■ PROBLEM DETAILS: Where the data below contains pictures, omit them; output the rest word for word.

■ RECORD EXCERPTS:
=== Section Start ===
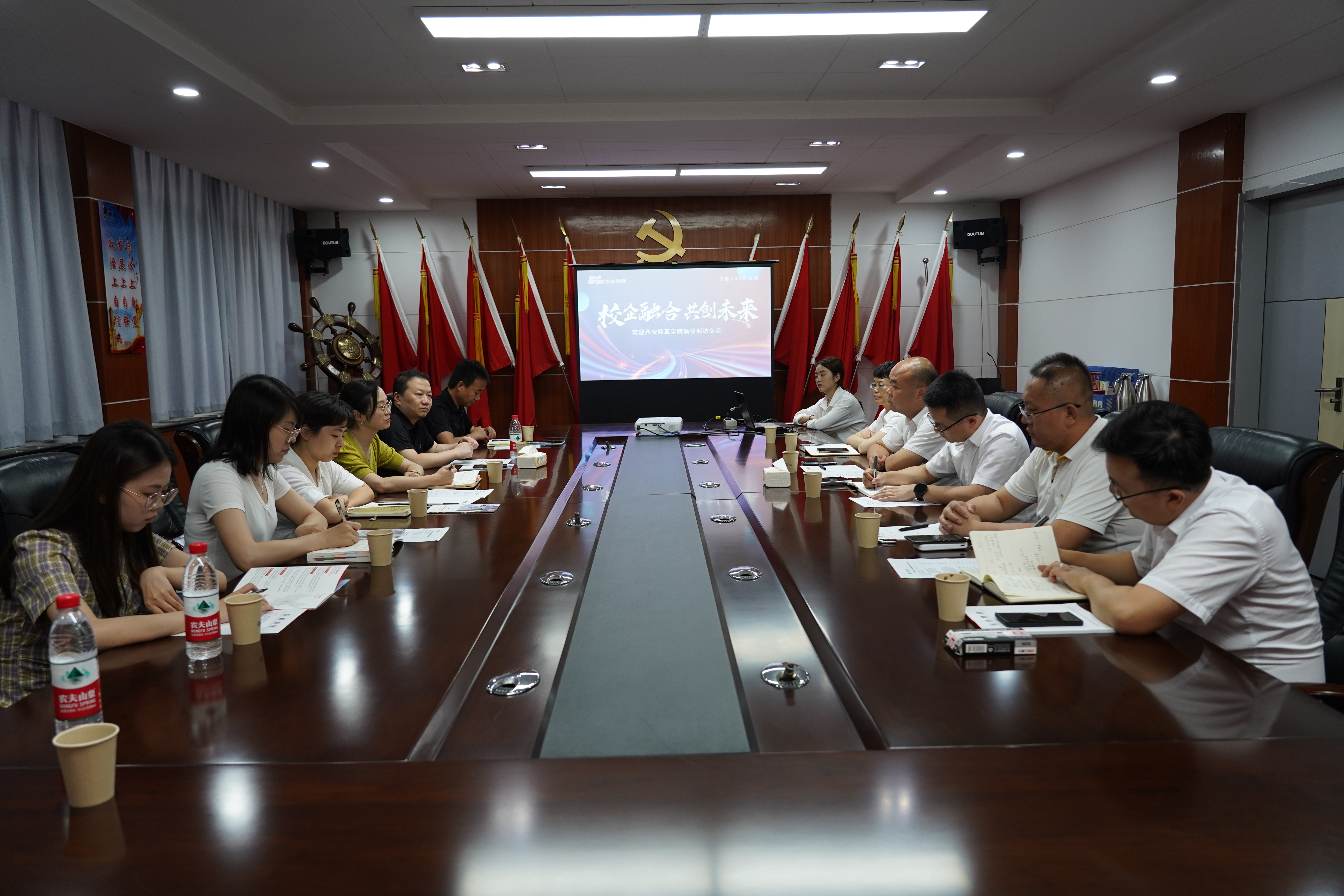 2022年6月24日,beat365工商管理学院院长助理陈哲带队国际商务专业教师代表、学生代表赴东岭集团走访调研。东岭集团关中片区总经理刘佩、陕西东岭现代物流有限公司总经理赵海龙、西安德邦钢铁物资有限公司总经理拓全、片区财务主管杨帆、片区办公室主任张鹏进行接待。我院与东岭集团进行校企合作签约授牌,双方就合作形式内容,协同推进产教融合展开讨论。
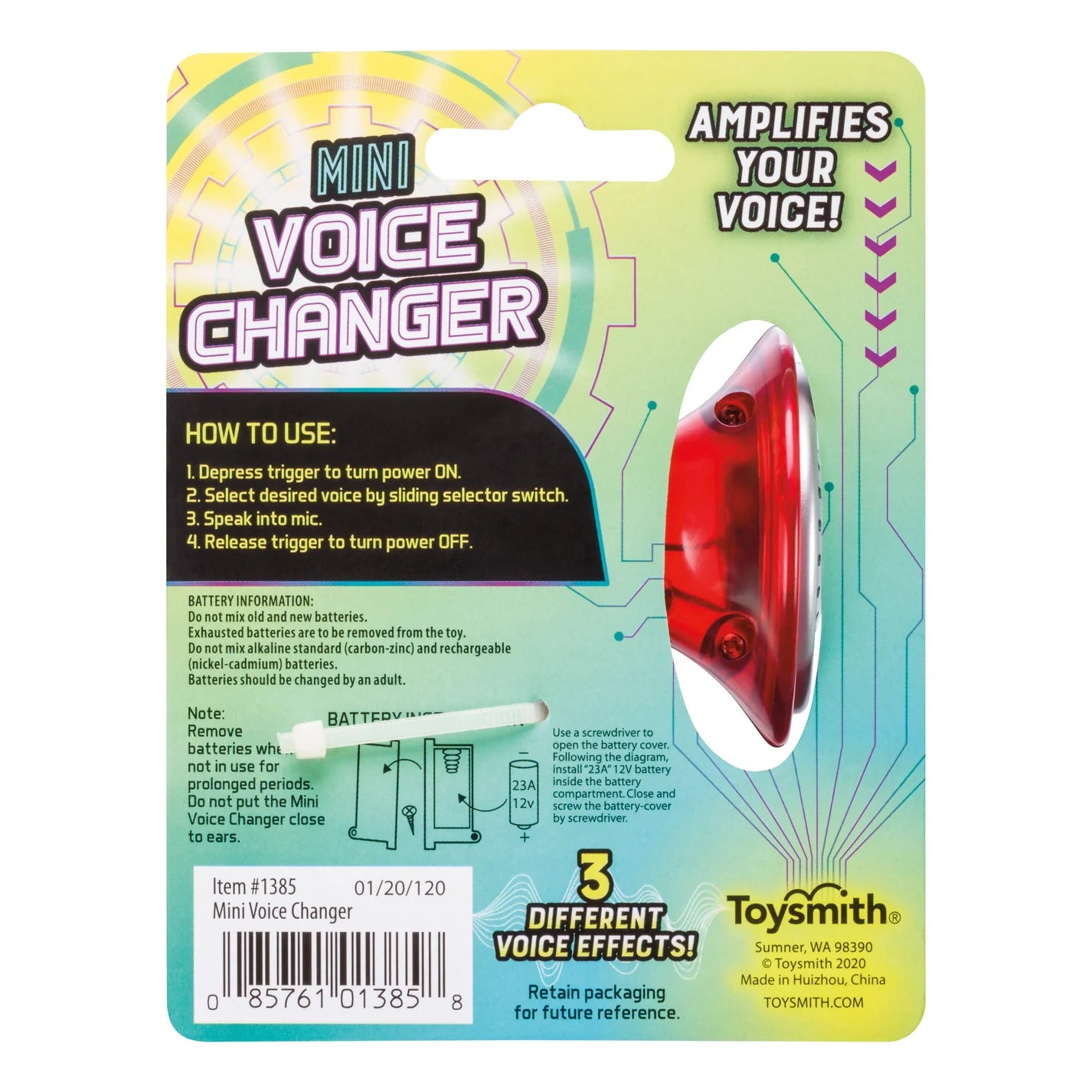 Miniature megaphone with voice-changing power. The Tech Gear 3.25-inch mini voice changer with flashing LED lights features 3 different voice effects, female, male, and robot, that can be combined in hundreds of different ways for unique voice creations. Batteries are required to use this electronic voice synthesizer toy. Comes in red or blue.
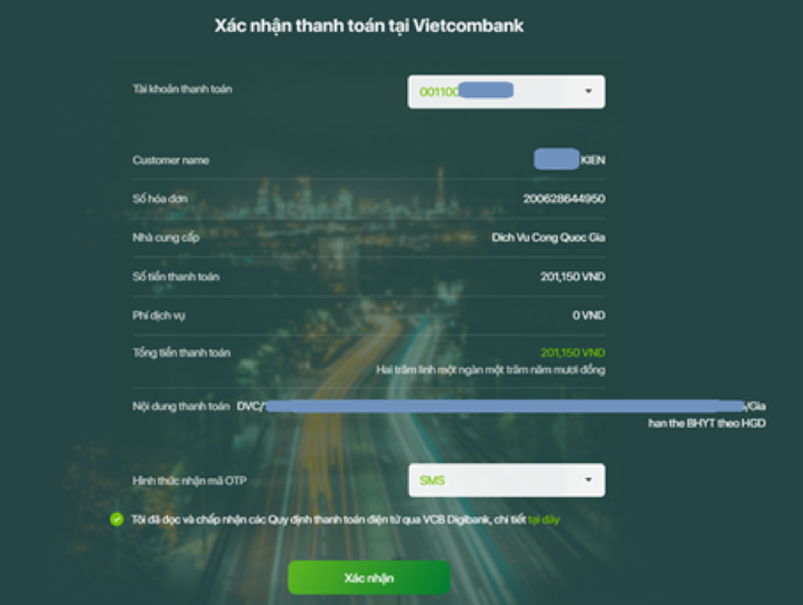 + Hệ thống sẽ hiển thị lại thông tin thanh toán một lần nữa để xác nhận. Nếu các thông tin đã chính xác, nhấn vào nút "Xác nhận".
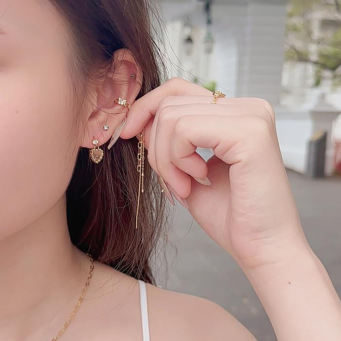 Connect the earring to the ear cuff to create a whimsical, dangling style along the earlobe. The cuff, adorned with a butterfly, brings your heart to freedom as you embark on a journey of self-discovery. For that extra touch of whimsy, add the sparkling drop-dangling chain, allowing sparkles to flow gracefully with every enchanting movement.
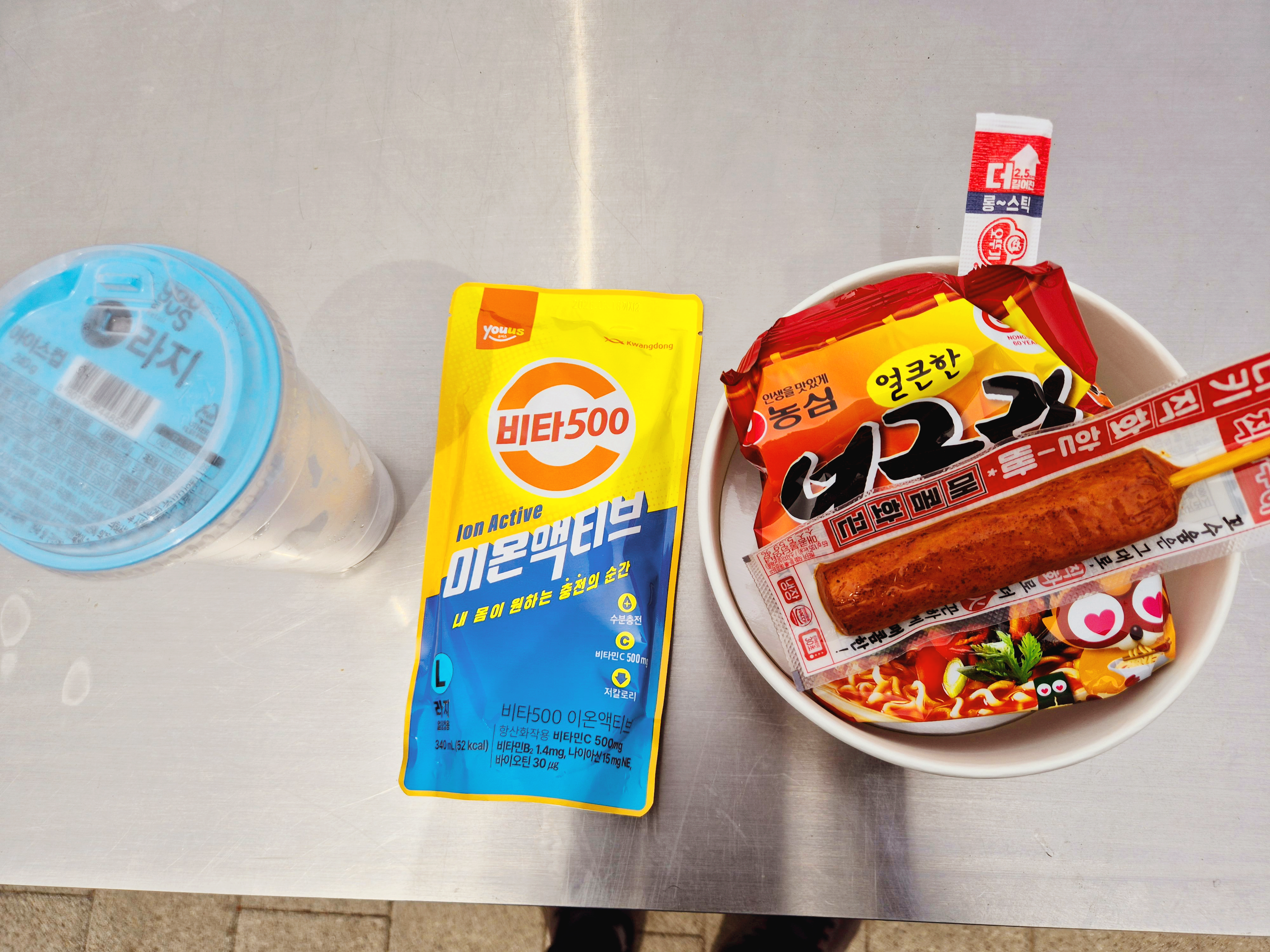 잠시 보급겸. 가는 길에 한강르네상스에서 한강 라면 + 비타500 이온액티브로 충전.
=== Section End ===
■ EXERCISE ANSWER:
 2022年6月24日,beat365工商管理学院院长助理陈哲带队国际商务专业教师代表、学生代表赴东岭集团走访调研。东岭集团关中片区总经理刘佩、陕西东岭现代物流有限公司总经理赵海龙、西安德邦钢铁物资有限公司总经理拓全、片区财务主管杨帆、片区办公室主任张鹏进行接待。我院与东岭集团进行校企合作签约授牌,双方就合作形式内容,协同推进产教融合展开讨论。
 Miniature megaphone with voice-changing power. The Tech Gear 3.25-inch mini voice changer with flashing LED lights features 3 different voice effects, female, male, and robot, that can be combined in hundreds of different ways for unique voice creations. Batteries are required to use this electronic voice synthesizer toy. Comes in red or blue.
 + Hệ thống sẽ hiển thị lại thông tin thanh toán một lần nữa để xác nhận. Nếu các thông tin đã chính xác, nhấn vào nút "Xác nhận".
 Connect the earring to the ear cuff to create a whimsical, dangling style along the earlobe. The cuff, adorned with a butterfly, brings your heart to freedom as you embark on a journey of self-discovery. For that extra touch of whimsy, add the sparkling drop-dangling chain, allowing sparkles to flow gracefully with every enchanting movement.
 잠시 보급겸. 가는 길에 한강르네상스에서 한강 라면 + 비타500 이온액티브로 충전.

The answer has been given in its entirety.